“Do you think this is about tomorrow?” asked Pryce.
“Could be,” said Tappan. “Your convention has been national news. There are many who would see us all hang for it.”
“I’ll try to determine the cause,” said Pryce, moving away.
Tappan grabbed his arm. “Use caution,” he said. He bent his head toward the group of rough out-of-town men. “I recognize some fellows from the Sixth Ward. They have been imported from the New York City riots.”
Again, the wind shifted and the blistering heat changed direction. The mass of people parted for a moment. Standing back from the blaze was Hickox, his face calm. Swift stood with him, the red of the fire in his eyes.
A shudder of fear raged through Pryce. Until that point, the danger had been more theoretical, like a frontier story in the newspapers. He now understood that the stakes of tomorrow’s convention had just been raised.
CHAPTER THIRTY-FOUR
AS THEY STOOD in the hallway of Clarke’s Temperance House, Elymas looked at the Utica directory over the shoulder of Mr. Ruggles.
“What do it say?” he asked.
“There’s no Thomas Galway listed,” said Ruggles.
“Gotta be something there,” said Elymas, frustration tightening his voice. Ruggles and Higgins and Mr. Tappan had helped him get this far, but they cared more about tomorrow’s big meeting than finding his family. Imari and Joe had to be somewhere. Since Ruggles had sent her this way, Elymas could not believe that he didn’t know exactly where she’d be. He knew these folks had their secrets, but not when it was so important. And not after he had fought so hard to get here. The man had to know something. “Look again,” he said, tapping the page impatiently.

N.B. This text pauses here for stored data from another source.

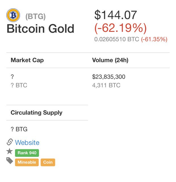 There are no BTG coins to speak of today (except the 100,000 pre-mined coins) nor a blockchain yet, but it trades as a future on the Bitfinex platform. As of this writing, it’s at 104 USD. BTG’s first day, however, Coinmarketcap reported it down over sixty percent.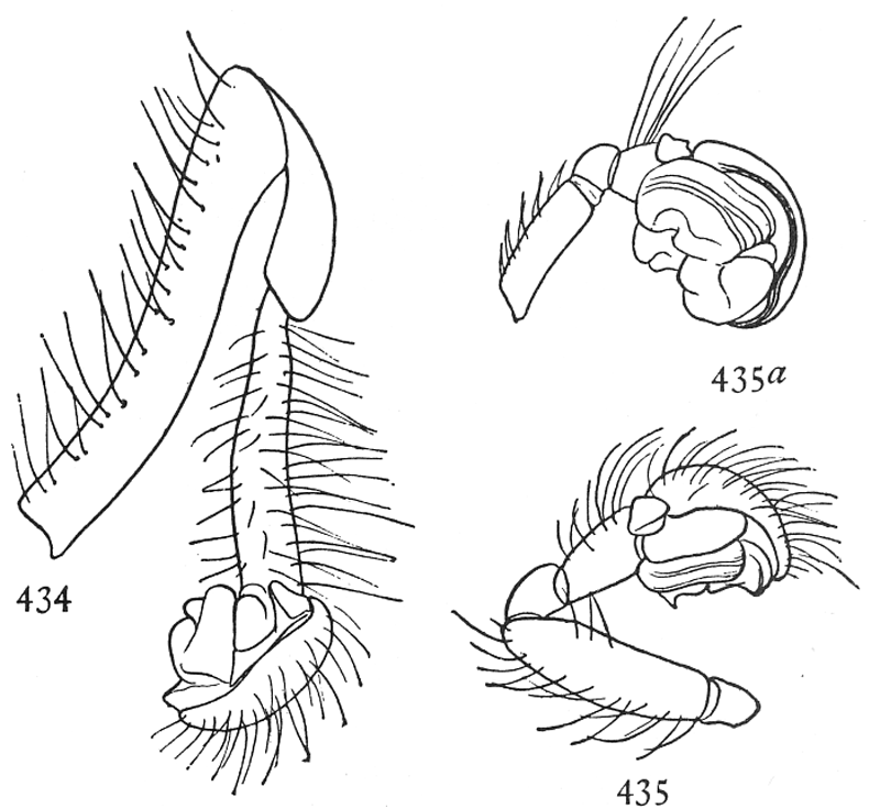 Page 187. Figs. 434, 435, 435a. Male palpi of Zilla.—434, Zilla atrica. 435, Zilla x-notata. 435a, Zilla montana.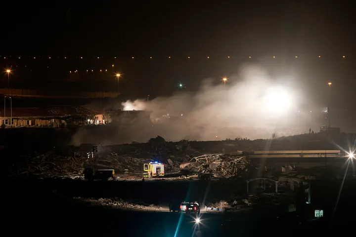 | Equipes de bombeiros atendem ao local na noite do acidente (Haider Yousuf) |

“There’s an Augustin Galway listed,” said Ruggles.
“That gotta be it,” said Elymas.
“Not necessarily,” said Ruggles, looking at him. “It could be nothing.”
“It be something and I need something. Show me how to get there.”
As they studied the city map, several men ran by.
“What’s happening?” asked Ruggles.
“Fire at Bagg’s Hotel!” shouted one man as he passed.
“That’s it,” said Elymas. “I’m going.”
“It’s better if we’re not involved,” said Ruggles.
“I ain’t going nowhere near no fire,” said Elymas angrily. “I gotta find my family and folks ain’t gonna be looking my way when there’s burning to put down.”
“Very well,” said Ruggles. “Remember the whole town is in an up roar. A well-dressed Negro will draw unwanted attention. Things can get dangerous very quickly.”
Elymas nodded, calming himself. “I thank you for your help. But this here be as close to finding out something about my people as a hammer be to a piece a hot iron. Just a few more swings and I got my answers.”
Ruggles took his hand. “Good luck to you. Please remember me to your wife and boy,” he said, looking into Elymas’s eyes, his face pinched with concern. “If you find them. Don’t take chances. If you are in need, come find me.”
At the door Elymas turned back. “We gonna send you words once we get to Canada. After I get some work, I be sending you back this here suit.”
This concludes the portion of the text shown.